Average Internet searchers tend to take the search results presented by the search engines as a list of decreasing relevance, and they tend to browse only the first 20-30 items on a results list from a search engine. Moreover, business intelligence systems also seem to base many of their decisions on search results as returned by Internet search engines. If the most relevant results are not properly positioned on the result list, important information would be missed, and the decisions could be impaired. Therefore, precise relevance ranking of search result items as returned by search engines is extremely important.
However, because what resides on the Web is an ever-changing and extremely heterogeneous data collection (Jansen & Pooch, 2001), Web page ranking algorithms have become very complicated and dynamic (Dean 2016; Barysevich 2017).
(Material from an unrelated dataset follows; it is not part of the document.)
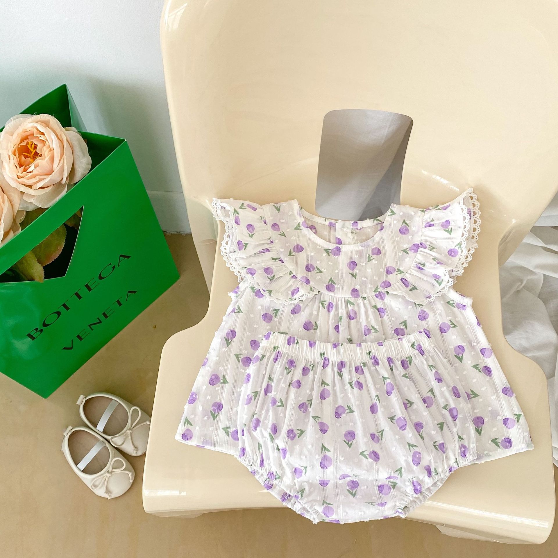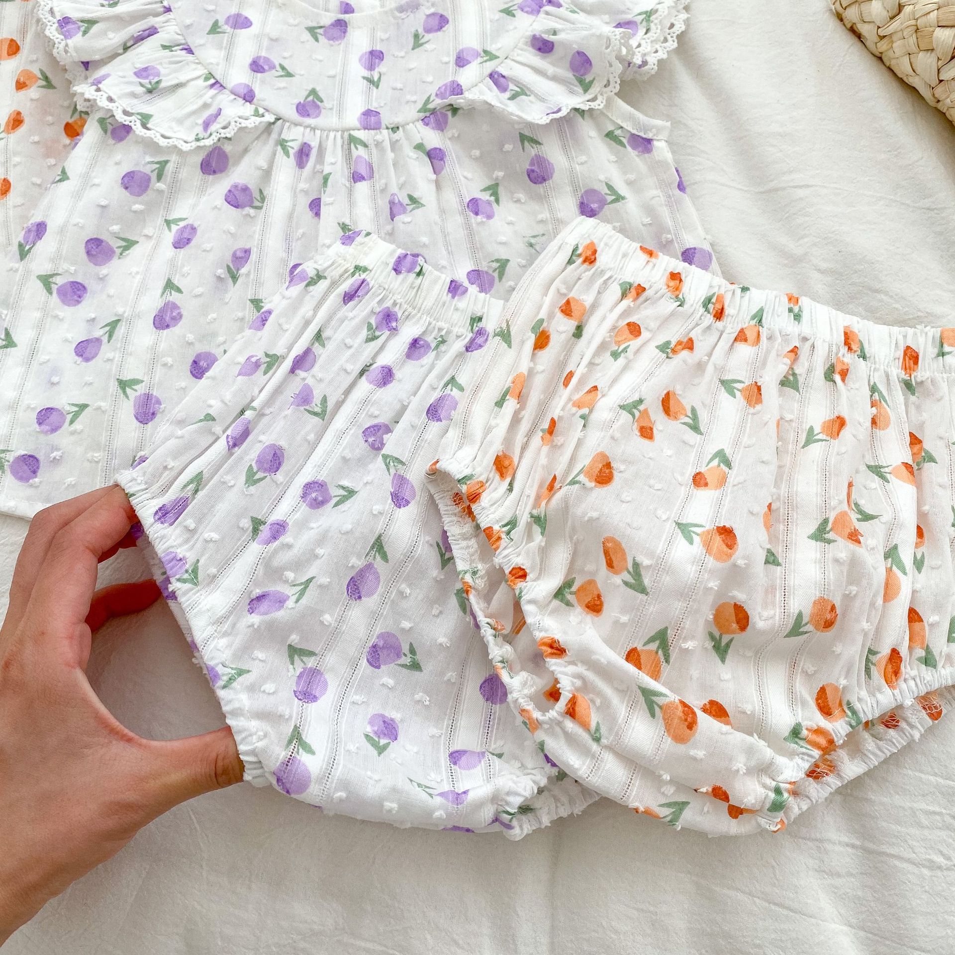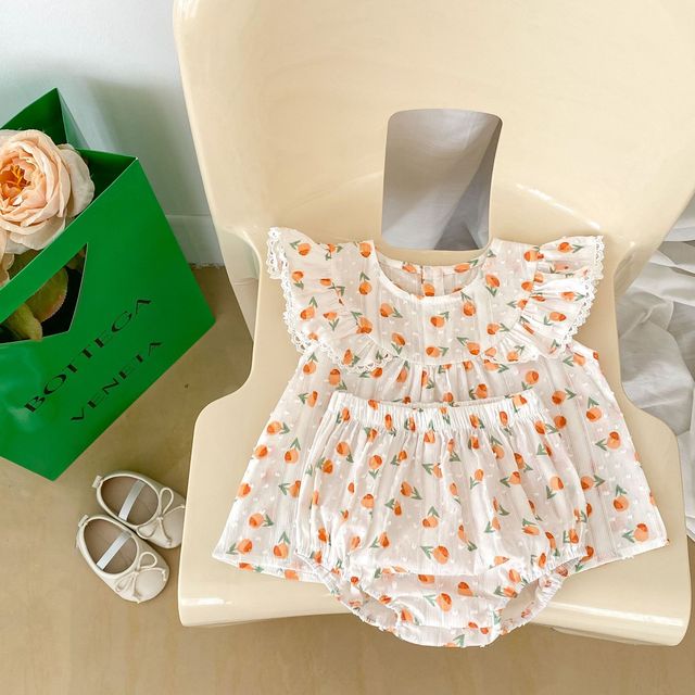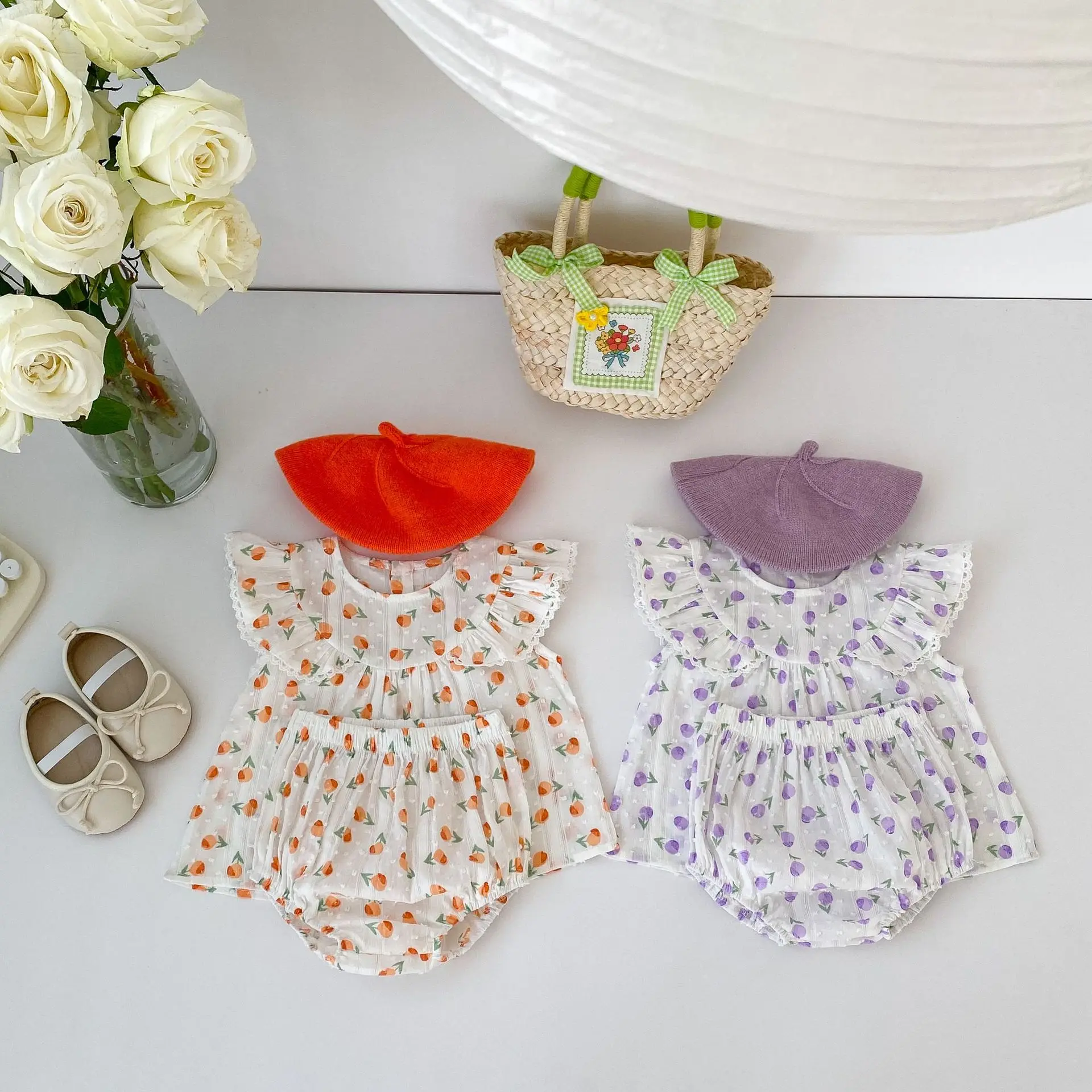 Комплект летней детской одежды 2023 года, цветочный костюм для девочек, модная рубашка с рукавами-тюльпанами для кукол + хлопковые шорты, комплект из 2 предметов для маленьких девочек

It is important to know that ranking algorithms of different search engines handle variables differently. Consequently, the degree of search result relevance varies from search engine to search engine. Ideally, if all returned items are ranked in terms of relevance to the search query, and the ranked data are captured in a two-dimensional chart where the X-axis represents the ranked items and the Y-axis represents the relevance score, then a decline curve appears. Understanding the downward curve is critical to evaluating the quality of search results because the downward curve serves as a yardstick in measuring relevance of search results of a search engine.
The primary purpose of this study is to explore effective measurement of search results from search engines through investigating relevance-decrease patterns of search results from two major search engines: Google and Bing. To accomplish the purpose, 4 domain categories were defined, and 24 search queries with 6 from each category were formulated and submitted to both Google and Bing. Retrieved results were then collected, and their relevance was judged by 32 subjects independently. A group of possible regression models were developed for regression analysis, and the performances of the regression models were tested. The best-fit regression model was identified through ANOVA analyses. The findings of this study help people better understand the relevance-decrease patterns of search results produced by search engines. The best-fit regression model identified in this study provides a way for people to evaluate search result relevance of search engines.